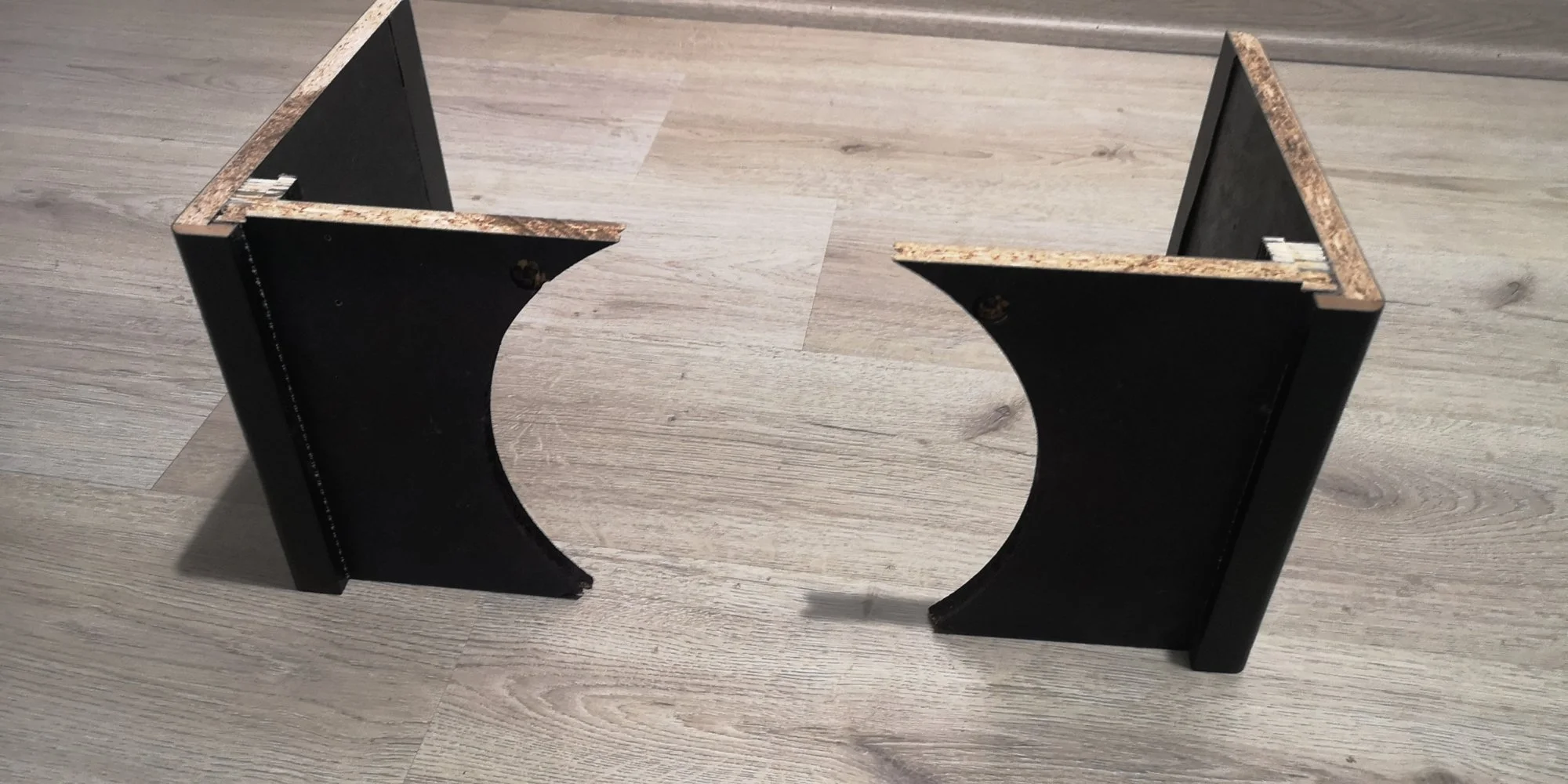 Hoparlörü söktükten sonra Board u da gövdeden ayırdım. 4-5 vida tutuyor. Marangoz a gittim tezgah testeresi ile mükemmel bir şekilde 2 ye ayırdı. Aradaki parçayı attım. Ağaç tutkalı ile 2 parçayı birbirine yapıştırdım. Ön kısımdaki hoparlörü gizleyen kısım bir kontrapilak ile oraya tutturulmuş. Onu da uygun şekilde kısaltıp tekrar vidaladım. Logolor vs yi de kafama göre vidaladım. Board un muhafazasının arka kısmına jack girişi için delik açtım. Kaliteli bir jack alıp eskiden hoparlöre giden + ve - yi jack a lehimledim.
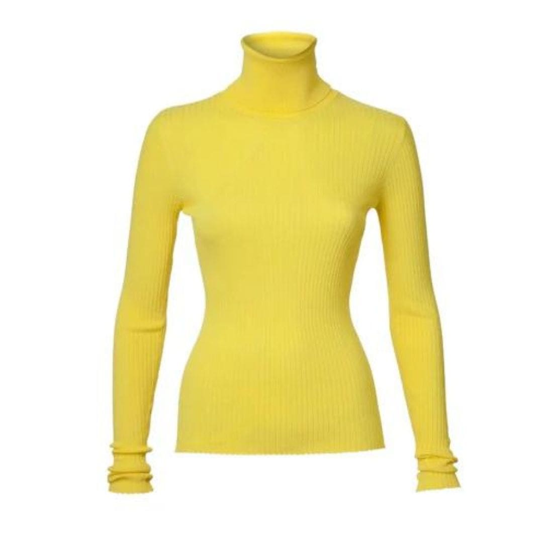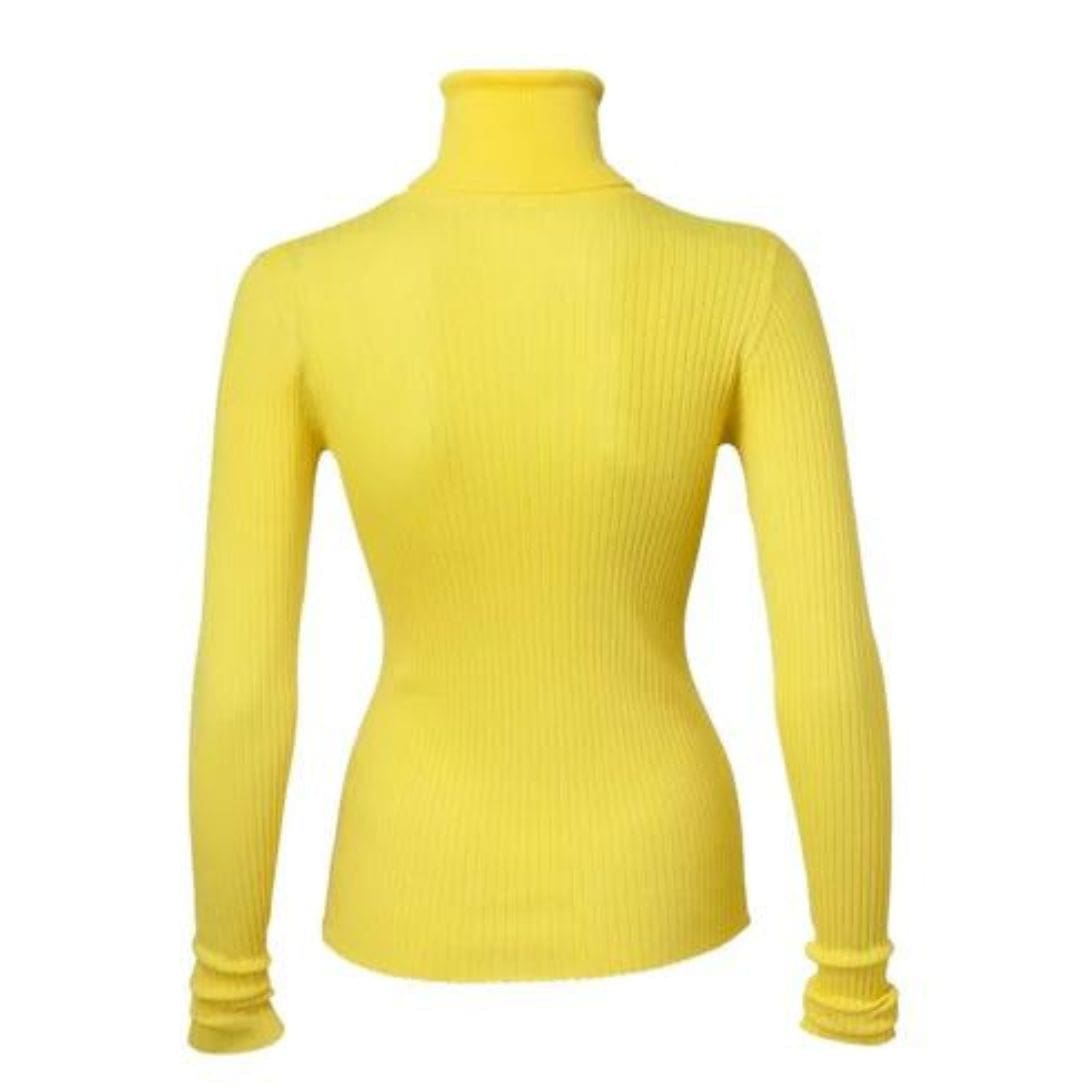 The Dodo Bar or Stacy Turtleneck  is crafted from a blend of 85% viscose and 15% nylon, featuring a tight fit with a turtleneck and ribbed detailing.
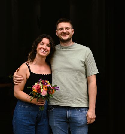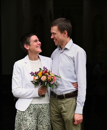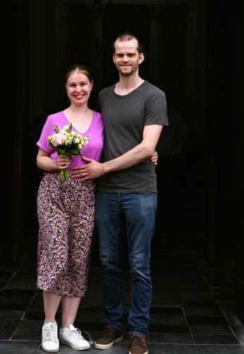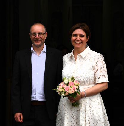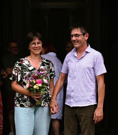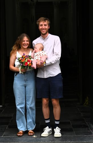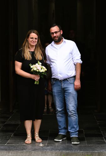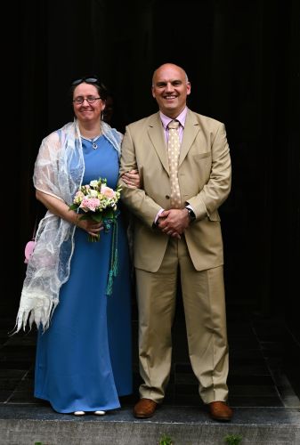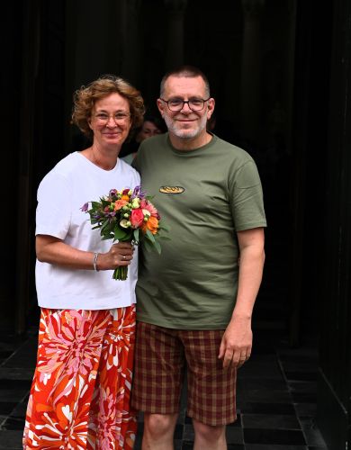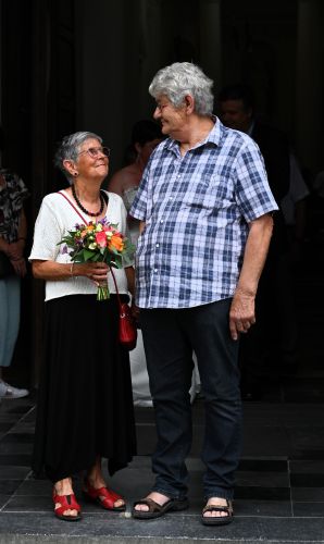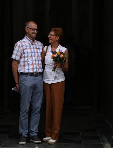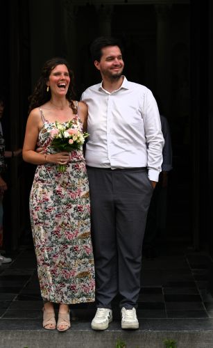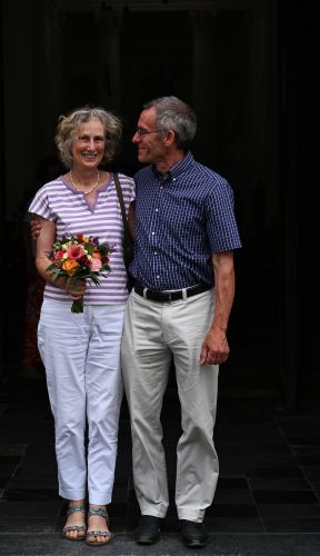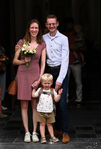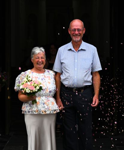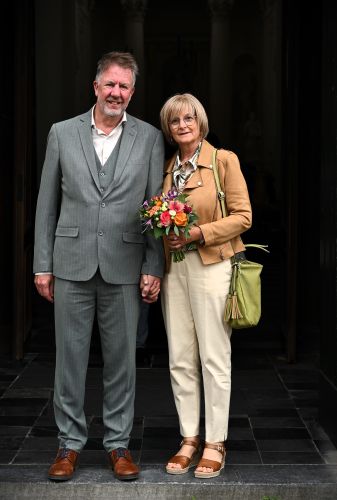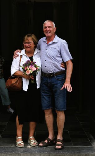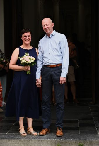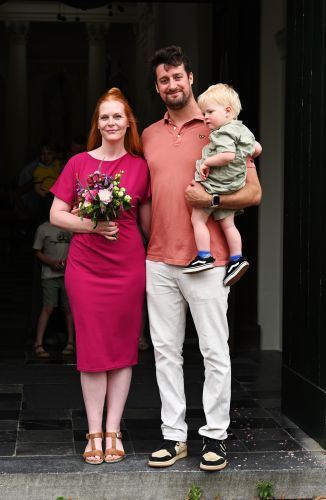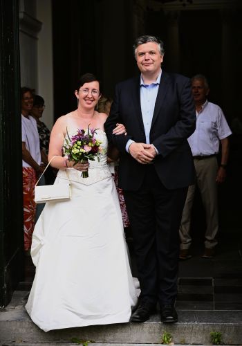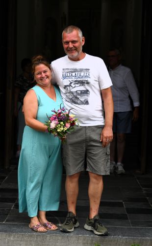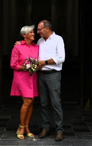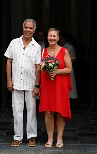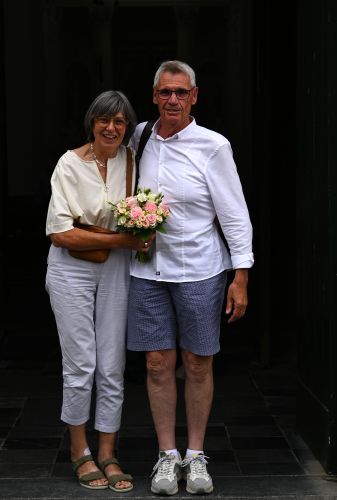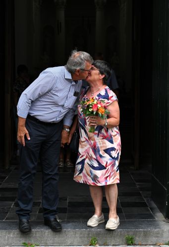 En na de viering werd er een nieuwe huwelijksfoto gemaakt.
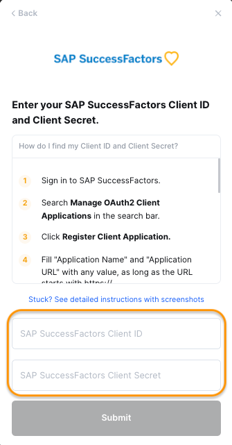 2. Get the Client ID and Secret from your SAP SuccessFactors account.
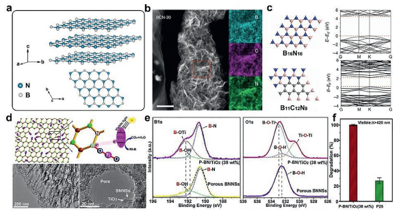 | Fig. 10. (a) Crystal structure of h-BN. (b) Typical TEM dark-field image of BCN sample and the elemental mapping images of B, C and N of the enlargement of selected-area in the picture. Scale bar: 300 nm. (c) The optimized structure of B16N16 and B11C12N9 with the corresponding calculated energy band. Reprinted with permission [111]. Copyright 2015, Nature. (d) Schematic diagram for the photocatalytic reaction of Rhodamine B by porous BN/TiO2 hybrid nanosheets with new chemical bonding specie B-O-Ti under simulated visible light and TEM images for starting porous BN nanosheets and HRTEM images for a hole decorated by TiO2 nanoparticles. (e) XPS spectra of B 1s, O 1s with porous and non-porous BN nanosheets, porous and non-porous BN/TiO2 hybrid nanosheets. (f) Photodegradation of Rhodamine B under visible light λ > 420 nm by P25 and porous BN/TiO2 hybrid nanosheets. Reprinted with permission [112]. Copyright 2017, Elsevier. | |
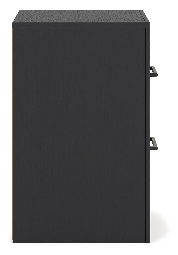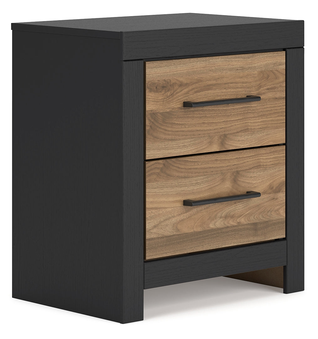 Relaxed yet striking, this nightstand brings casual beauty and function to your dream destination. A delightful two-tone treatment blends a fresh replicated walnut grain with a matte black finish, while sleek handles in an antiqued gunmetal finish lend a contemporary touch. You're sure to love its spacious drawers that glide open and offer plenty of storage for nighttime essentials. USB charging ports conveniently keep your devices powered up.

Your goal. Your answer should hold every record above, printed exactly and free of pictures.

Result for this exercise.
 Hoparlörü söktükten sonra Board u da gövdeden ayırdım. 4-5 vida tutuyor. Marangoz a gittim tezgah testeresi ile mükemmel bir şekilde 2 ye ayırdı. Aradaki parçayı attım. Ağaç tutkalı ile 2 parçayı birbirine yapıştırdım. Ön kısımdaki hoparlörü gizleyen kısım bir kontrapilak ile oraya tutturulmuş. Onu da uygun şekilde kısaltıp tekrar vidaladım. Logolor vs yi de kafama göre vidaladım. Board un muhafazasının arka kısmına jack girişi için delik açtım. Kaliteli bir jack alıp eskiden hoparlöre giden + ve - yi jack a lehimledim.
 The Dodo Bar or Stacy Turtleneck  is crafted from a blend of 85% viscose and 15% nylon, featuring a tight fit with a turtleneck and ribbed detailing.
 En na de viering werd er een nieuwe huwelijksfoto gemaakt.
 2. Get the Client ID and Secret from your SAP SuccessFactors account.
 | Fig. 10. (a) Crystal structure of h-BN. (b) Typical TEM dark-field image of BCN sample and the elemental mapping images of B, C and N of the enlargement of selected-area in the picture. Scale bar: 300 nm. (c) The optimized structure of B16N16 and B11C12N9 with the corresponding calculated energy band. Reprinted with permission [111]. Copyright 2015, Nature. (d) Schematic diagram for the photocatalytic reaction of Rhodamine B by porous BN/TiO2 hybrid nanosheets with new chemical bonding specie B-O-Ti under simulated visible light and TEM images for starting porous BN nanosheets and HRTEM images for a hole decorated by TiO2 nanoparticles. (e) XPS spectra of B 1s, O 1s with porous and non-porous BN nanosheets, porous and non-porous BN/TiO2 hybrid nanosheets. (f) Photodegradation of Rhodamine B under visible light λ > 420 nm by P25 and porous BN/TiO2 hybrid nanosheets. Reprinted with permission [112]. Copyright 2017, Elsevier. | |
 Relaxed yet striking, this nightstand brings casual beauty and function to your dream destination. A delightful two-tone treatment blends a fresh replicated walnut grain with a matte black finish, while sleek handles in an antiqued gunmetal finish lend a contemporary touch. You're sure to love its spacious drawers that glide open and offer plenty of storage for nighttime essentials. USB charging ports conveniently keep your devices powered up.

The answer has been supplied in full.